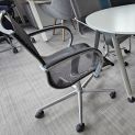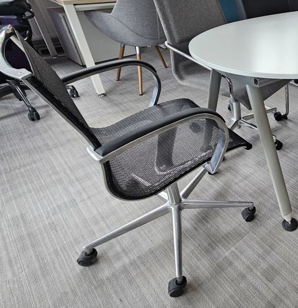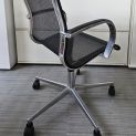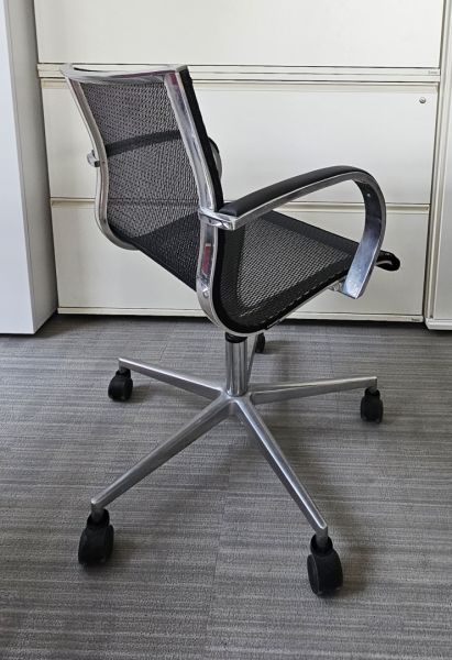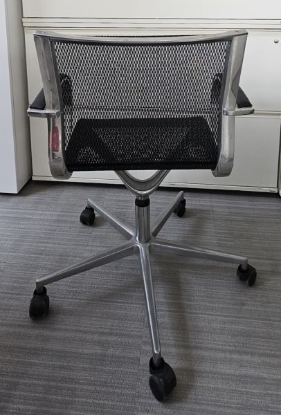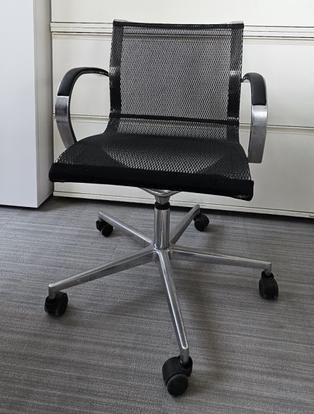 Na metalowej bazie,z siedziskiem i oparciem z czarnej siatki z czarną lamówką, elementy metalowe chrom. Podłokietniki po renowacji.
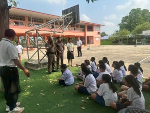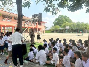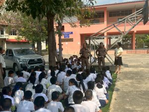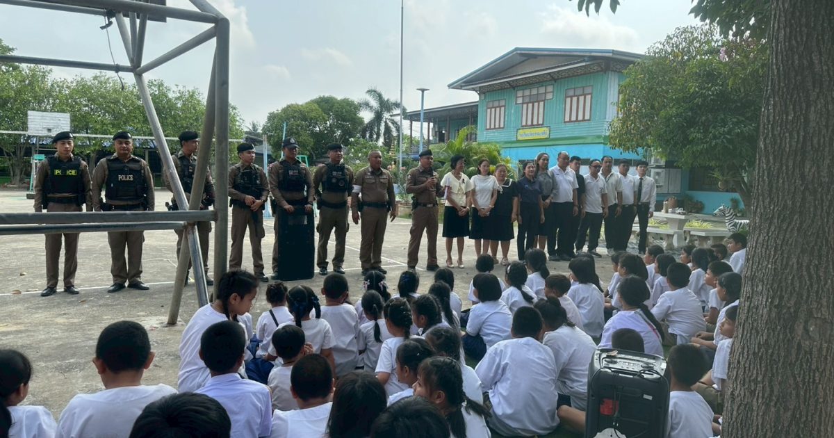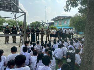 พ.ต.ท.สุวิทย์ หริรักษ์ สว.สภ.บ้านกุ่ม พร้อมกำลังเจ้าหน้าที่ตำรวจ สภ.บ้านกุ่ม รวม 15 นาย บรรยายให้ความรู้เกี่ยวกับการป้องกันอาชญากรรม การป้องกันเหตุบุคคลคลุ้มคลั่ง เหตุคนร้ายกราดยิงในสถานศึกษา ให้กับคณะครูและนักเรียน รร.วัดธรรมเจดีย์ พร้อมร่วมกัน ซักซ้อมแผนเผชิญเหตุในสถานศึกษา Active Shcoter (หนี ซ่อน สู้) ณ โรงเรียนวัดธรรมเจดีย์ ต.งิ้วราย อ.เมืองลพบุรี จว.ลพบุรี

---

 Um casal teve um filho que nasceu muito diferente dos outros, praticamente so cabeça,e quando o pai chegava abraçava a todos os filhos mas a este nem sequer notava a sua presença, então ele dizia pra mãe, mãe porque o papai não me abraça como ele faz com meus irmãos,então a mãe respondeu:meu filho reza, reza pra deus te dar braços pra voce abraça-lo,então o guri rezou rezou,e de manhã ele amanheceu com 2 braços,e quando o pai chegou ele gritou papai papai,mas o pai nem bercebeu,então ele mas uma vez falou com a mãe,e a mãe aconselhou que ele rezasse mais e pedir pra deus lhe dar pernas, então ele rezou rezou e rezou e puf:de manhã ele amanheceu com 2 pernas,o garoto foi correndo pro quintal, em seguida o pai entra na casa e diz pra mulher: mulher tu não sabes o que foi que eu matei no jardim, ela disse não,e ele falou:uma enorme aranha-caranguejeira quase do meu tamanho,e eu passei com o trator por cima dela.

[What you should do] Would you copy, word for word, only the lines above from the one containing "Na metalowej bazie,z" through the one containing "พ.ต.ท.สุวิทย์ หริรักษ์ สว.สภ.บ้านกุ่ม", both included, and please leave out the pictures?

[Task result]
 Na metalowej bazie,z siedziskiem i oparciem z czarnej siatki z czarną lamówką, elementy metalowe chrom. Podłokietniki po renowacji.
 พ.ต.ท.สุวิทย์ หริรักษ์ สว.สภ.บ้านกุ่ม พร้อมกำลังเจ้าหน้าที่ตำรวจ สภ.บ้านกุ่ม รวม 15 นาย บรรยายให้ความรู้เกี่ยวกับการป้องกันอาชญากรรม การป้องกันเหตุบุคคลคลุ้มคลั่ง เหตุคนร้ายกราดยิงในสถานศึกษา ให้กับคณะครูและนักเรียน รร.วัดธรรมเจดีย์ พร้อมร่วมกัน ซักซ้อมแผนเผชิญเหตุในสถานศึกษา Active Shcoter (หนี ซ่อน สู้) ณ โรงเรียนวัดธรรมเจดีย์ ต.งิ้วราย อ.เมืองลพบุรี จว.ลพบุรี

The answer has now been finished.